When I was in high school, I had a lot of places where I usually frequent.
There was the computer shop across the school which closed before I graduated, there was this fishball vendor whom I befriended and even used as a subject for a project, my dad’s offices when he was still working in an office and the restaurant where I usually buy supplies whenever I don’t have some.
Somewhere around those four years (I couldn’t really remember when), I also started to frequent a small shop beside the parish church.
The shop was popular to the locals. It sold affordable religious items, small knicknacks and occasional softdrinks for anyone who gets parched. Interestingly, the shop was near the official Parish shop but the parish didn’t really seem to mind it.
The shop was owned by a pseudo-aunt of mine. A classmate of my auntie when she was studying in the same high school as I did many decades ago. I don’t remember when I started frequenting the place, but everytime I did, there would not be a time I would be offered candy, drinks or snacks or get teased that I acted like my auntie or that my auntie was doing this and that.
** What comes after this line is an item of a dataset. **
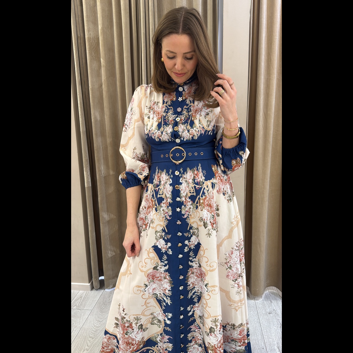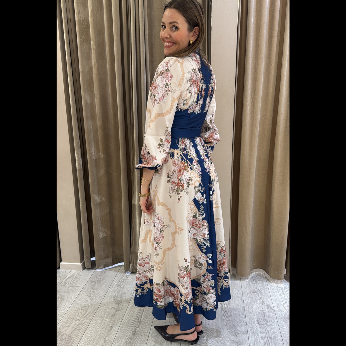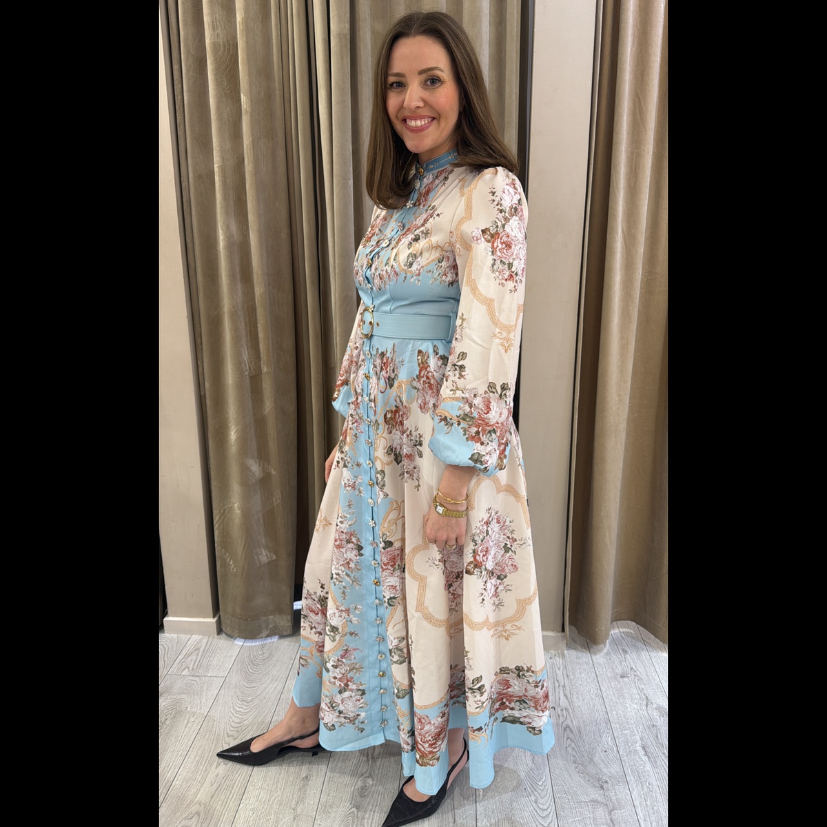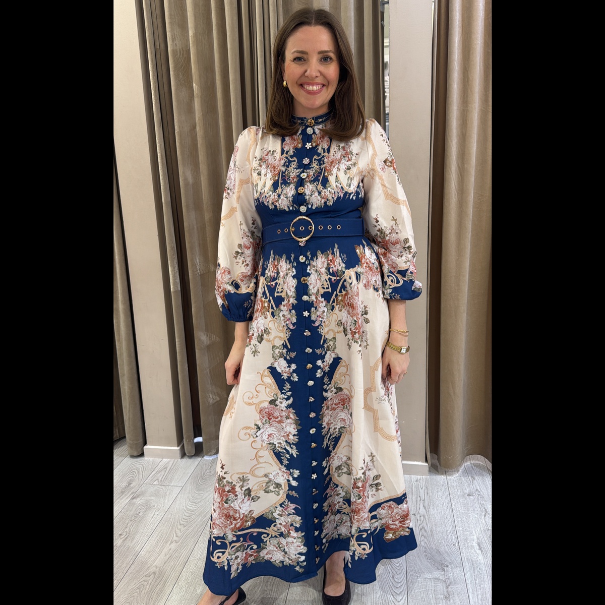 Lang kjole med vakre unike knapper hele veien i front, glidelås i ryggen.

My pseudo-aunt would ask me about the latest about our family then she would tell me about her life. My young brother would join me in some of our trips there and it was always filled with laughter and a promise to come back to visit.
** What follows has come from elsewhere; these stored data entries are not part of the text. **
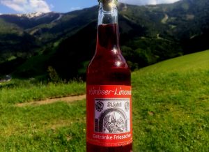 Auf der Alm da gibt’s ka Sünd aber Himbeer Limonade. Die war besonders herrlich als Kind nach einer anstrengenden Wanderung. In der urigen Hütte oder auf den Bänken vor der Almhütte ein gemütliches Platzerl gesucht und bestellt. Sobald die ersten Schlucke aus der Limonadenflasche mit einem Röhrl (Strohhalm) gezogen wurden, waren die Lebensgeister wieder geweckt. Für die rote Lippenpracht musste man das Himbeer Kracherl schon aus der Flasche trinken. Das Trinkglas war in der Kindheit eher verpönt. Diese Trinkart machte nur einen Himbeer Limonaden Bart und schaute, gelinde gesagt, blöd aus. So konnte man auch die Profis von den Laien unterscheiden. Zur Unterstreichung des Wissens, wie man es richtig macht, wurde zum Schluss die Himbeer Limonaden Zunge weit ausgestreckt. Tja auf der Alm da gibt’s ka Sünd :-).
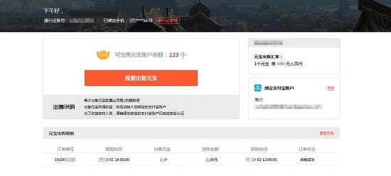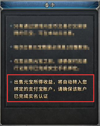 3,元宝出售所得收益,自动转入您绑定的支付宝账户(请确保账户已完成实名认证)
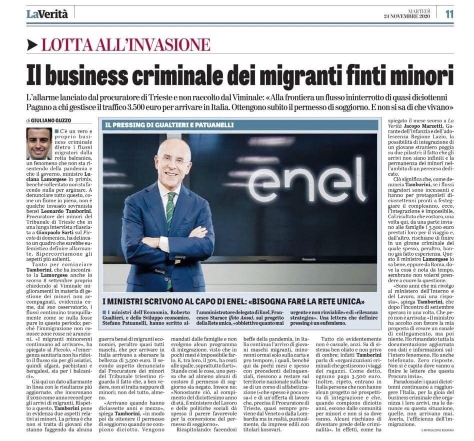 ✅ Approvata la delibera di Giunta adottata in via di urgenza per rimpinguare il fondo per l’accoglienza di minori stranieri non accompagnati con ulteriori 930.000 euro, portando così il capitolo di spesa per il Comune di Gorizia a più di 2 milioni di euro. Queste risorse, anche se poi verranno restituite dallo Stato, sono un insulto alla situazione di emergenza che molti italiani e immigrati regolari vivono anche a causa del Covid. Per questo ho votato contrariamente alla delibera poiché, assieme ad altri esponenti della maggioranza, abbiamo ritenuto di mandare un segnale al Governo centrale sulla necessità urgente di rivedere le politiche in materia di immigrazione. Ogni altra ricostruzione a proposito di tale espressione di voto è pura e semplice fantasticheria. Comunque, se avete tempo, vi invito a leggere l’importante testimonianza del procuratore dei minori del Tribunale di Trieste, Gianpaolo Sarti, pubblicata recentemente su Il Piccolo e La Verità e riguardante il business che si cela dietro i flussi migratori della rotta balcanica.

When I graduated from high school, my little brother and I (and sometimes, with the rest of the family) would try passing by during our yearly routes for Visita Iglesia whenever it was there. Sometimes, it was a quick chat but it was still fun. It was great to always see my aunt when she was at her happy place. Even if the shop wasn’t like the new shops popping near her, it was her greatest investment and treasure. Of course, the offer of free food and drinks sometimes went on deaf ears but she would give some anyway.
The visits became less when our Visita Iglesia route went on to Manila and even if i don’t really go out much, there wasn’t any reason for me to pop into the area since most of the things I needed to do can be done in Manila or in the town centers near my place. My last visit to my always happy aunt was at least 2 years ago. I came to visit to do an errand from my grandma, who wanted new clothes for her Santo Nino. The visit was like my usual visits, but unlike before when my aunt would greet me before I even went close to the shop, she was mostly confined to her little cot inside the shop. She was recovering from sickness at the time and her leg was giving her grief. We skyped my auntie during my visit (who was in the US at that time) and I took a selfie of us to prove it too. Our banters remained the same and even though I had to fly off to somewhere, I gave her a smile and promised to come visit when I was in the area.
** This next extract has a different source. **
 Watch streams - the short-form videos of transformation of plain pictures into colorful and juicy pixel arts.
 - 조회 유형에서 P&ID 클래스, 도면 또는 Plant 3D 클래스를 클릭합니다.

I did get to visit the area several months later for another errand, but she was not there. Apparently, she was in the US at that time visiting her daughter.
My auntie, who was her best friend, often would tell the family news about her since we all got to be close to her one way or another. It was good to hear news about her even if some of it was mostly about the illnesses that she kept on getting. She did get better and some of the photos my auntie took during her last excursions showed that she was still the jolly aunt who would offer me food and drinks whenever I came to visit.
When I learnt she passed away during her layover last week, I did not immediately process it at first. I knew she was having health problems since my auntie would tell us about it. But when I did, I felt very sad because I never got to see her even if I was just here. I also felt sad because i wouldn’t be able to see her smile whenever we talk about the usual or tease each other. I immediately looked for the last photo I took of her, the selfie I took during my last visit. There, I said to myself, if she is returned back to the country, I wouldn’t look at her on the coffin. To me, it was better to remember her smiling like in the photo than seeing her there still and lifeless.
My auntie would keep me appraised about the whole thing since her friend had passed away in a foreign country. A lot of bureaucracy had to be done before her body was returned here. Her daughter handled that, the same one she was supposed to visit in the US. Eventually, her remains were returned home and we visited in the second day of the viewing.
When we came to the place, my aunt’s daughter welcomed us. She immediately knew me because my auntie apparently sent her the photo of me and her mum from 2 years ago. She told us that her mum’s death was due to a stroke and prior to it, she was even chatting with her fellow passengers. There were loads of plans prior to the tragedy and now, its all on limbo. As I promised to myself, I only looked at the coffin from afar rather than go to it upclose and just updated my auntie about what was going on. Stories were shared during our stay and when we went off, I had said a short prayer and said goodbye.
To my pseudo-aunt who is now watching me with the rest of our loved ones who have passed on to the next world, I hope that you are in peace. I hope your leg isn’t giving you any grief anymore and that all your stress has finally fade away. I hope you continue to smile and laugh with the people there much like you did when you were here. Watch over your daughter and everyone always and know that we will be ok.